After World War II, the movement known as Pan-Arabism sought to unite all Arabic-speaking countries into one political entity. Only Syria, Iraq, Egypt, Tunisia, Libya and North Yemen attempted the short-lived unification. Historical divisions, competing local nationalisms, and geographical sprawl were major reasons for the failure of Pan-Arabism. Arab Nationalism was another strong force in the region which peaked during the mid 20th century and was professed by many leaders in Egypt, Algeria, Libya, Syria, and Iraq.

Arab Nationalist leaders included Gamal Abdel Nasser of Egypt, Ahmed Ben Bella of Algeria, Michel Aflaq, Salah al-Din al-Bitar, Zaki al-Arsuzi, Constantin Zureiq, Shukri al-Kuwatli, Hafez al-Assad and Bashar al-Assad of Syria, Saddam Hussein and Ahmad Hassan al-Bakr of Iraq, Muammar al-Gaddafi of Libya, Habib Bourguiba of Tunisia, Mehdi Ben Barka of Morocco, and Shakib Arslan of Lebanon. The various Arab states maintain close ties but national identities have been strengthened by the political realities of the past 60 years, making a single Arab nationalistic state less and less feasible. Moreover, the upsurge in political Islam and led to a greater emphasis on pan-Islamic identity amongst many Arab Muslims. As such, Arab nationalists who once opposed Islamic movements now pander to them for political survival. [4]

Modern Boundaries

Many of the modern borders of the Arab World were drawn by European imperial powers during the 19th and early 20th century. However, some of the larger states (in particular Egypt and Syria) have historically maintained geographically definable boundaries, on which some of the modern states are roughly based. The 14th century Egyptian historian Al-Maqrizi, for instance, defines Egypt's boundaries as extending from the Mediterranean in the north to lower Nubia in the south; and between the Red Sea in the east and the oases of the Western/Libyan desert. The modern borders of Egypt, therefore, are not a creation of European powers, and are at least in part based on historically definable entities which are in turn based on certain cultural and ethnic identifications.

At other times, kings, 'emirs' or 'sheiks' were placed as semi-autonomous rulers over the newly created nation states, usually chosen by the same imperial powers that for some drew the new borders, for services rendered to European powers like the British Empire e.g. Sherif Hussein ibn Ali. Many African States did not attain independence until the 1960s from France after bloody insurgencies for their freedom. These struggles were settled by the imperial powers approving the form of independence given, so as a consequence almost all of these borders have remained. Some of these borders were agreed upon without consultation of those individuals that had served the colonial interests of Britain or France. One such agreement solely between Britain and France (to the exclusion of Sherif Hussein ibn Ali), signed in total secrecy until Lenin released the full text, was the Sykes-Picot Agreement. Another influential document written without the consensus of the local population was the Balfour Declaration.

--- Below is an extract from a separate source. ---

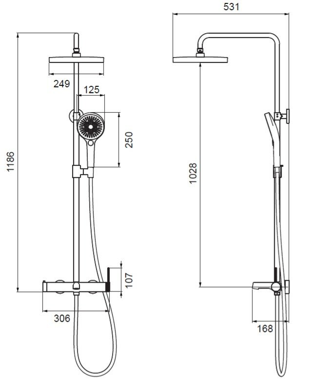 - Размер ручного душа (ШхВ): 125х250 мм.
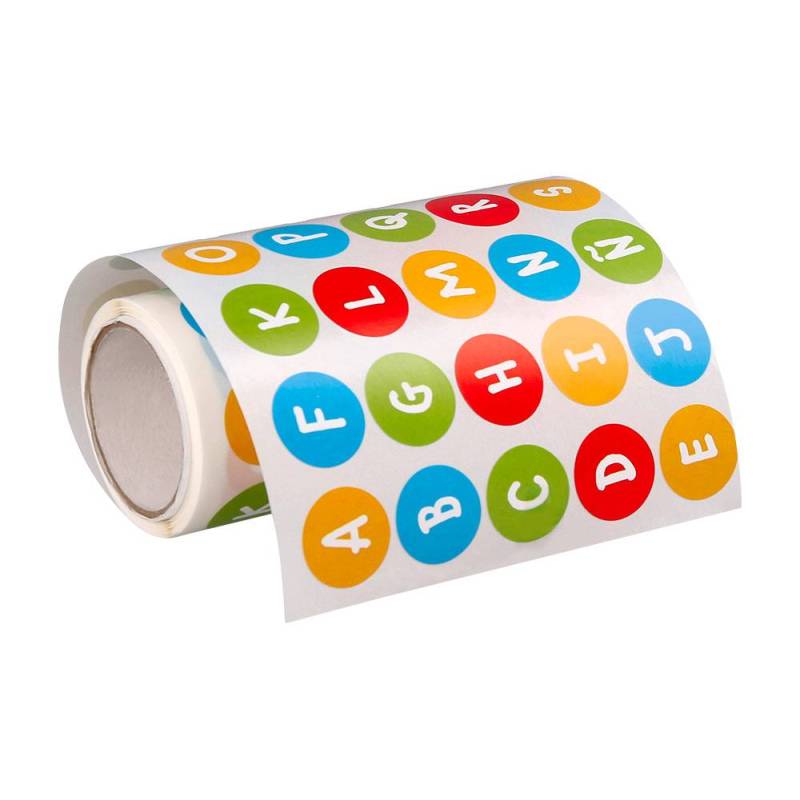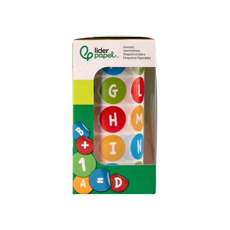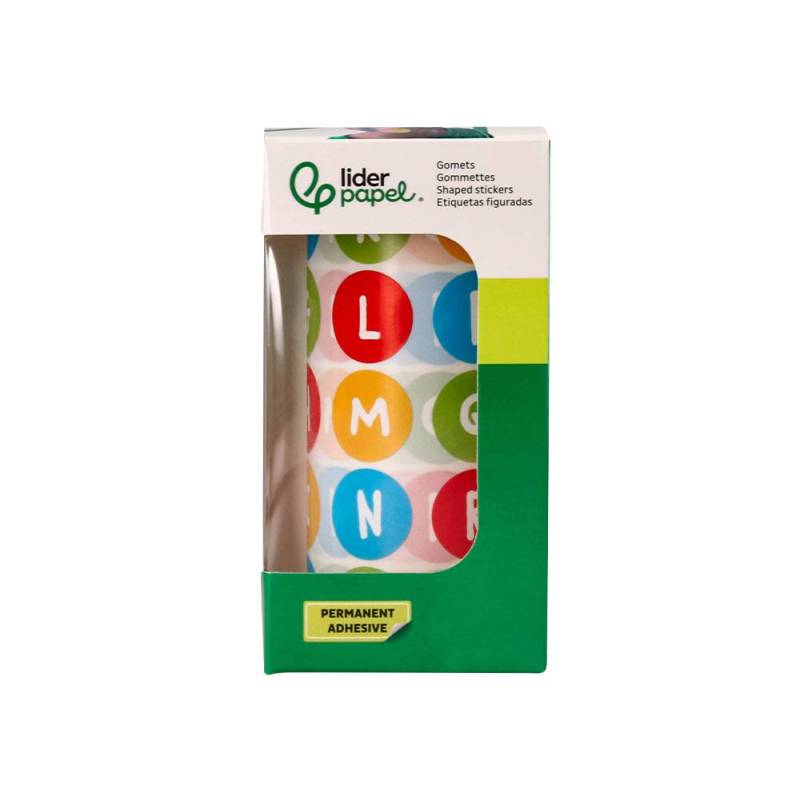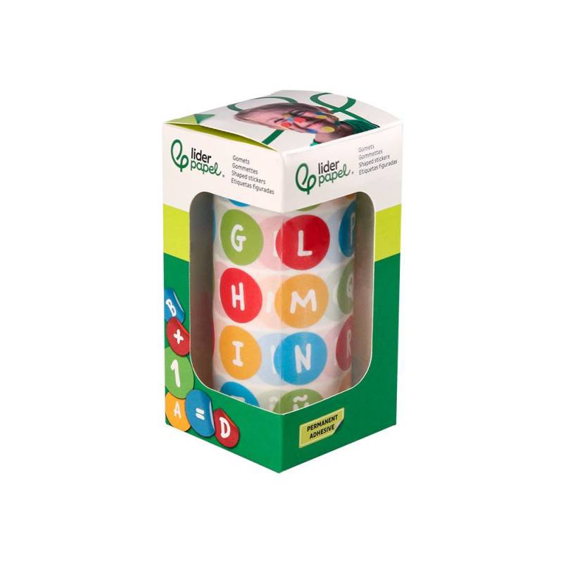GOMETS MARCA LIDERPAPEL AUTOADHESIVO S REDONDO ABECEDARIO 20 MM COLORES SURTIDOS ROLLO DE 1000 UNIDADES EN CAJA DE CARTON

As former director of the Israeli intelligence agency Mossad, Efraim Halevy, now a director at the Hebrew University said,

The borders, which if you look on the maps of the middle-east are very straight lines, were drawn by British and French draftsmen who sat with maps and drew the lines of the frontiers with rulers. If the ruler for some reason or other moved on the map, because of some person's hand shaking, then the frontier moved (with the hand).

— [5]

He went on to give an example,

There was a famous story about a British consul, a lady named Gertrude Bell who drew the map between Iraq and Jordan, using transparent paper. She turned to talk to somebody and as she was turning the paper moved and the ruler moved and that added considerable territory to the (new) Jordanians

— [6]

Historian Jim Crow, of Newcastle University, has said:

Without that imperial carve-up, Iraq would not be in the state it is in today...Gertrude Bell was one of two or three Britons who were instrumental in the creation of the Arab states in the Middle East that were favourable to Britain.

— [7]

Modern Economies

As of 2006, the Arab World accounts for two-fifth of the gross domestic product and three-fifth of the trade of the wider Muslim World[citation needed].

The Arab states are mostly, although not exclusively, developing economies and derive their export revenues from oil and gas, or the sale of other raw materials. Recent years have seen significant economic growth in the Arab World, due largely to an increase in oil and gas prices, which tripled between 2001 and 2006, but also due to efforts by some states to diversify their economic base. Industrial production has risen, for example the amount of steel produced between 2004 and 2005 rose from 8.4 to 19 million tonnes. (Source: Opening speech of Mahmoud Khoudri, Algeria's Industry Minister, at the 37th General Assembly of the Iron & Steel Arab Union, Algiers, May 2006). However even 19 million tons pa still only represents 1.7% of global steel production, and remains inferior to the production of countries like Brazil. (source: www.worldsteel.org).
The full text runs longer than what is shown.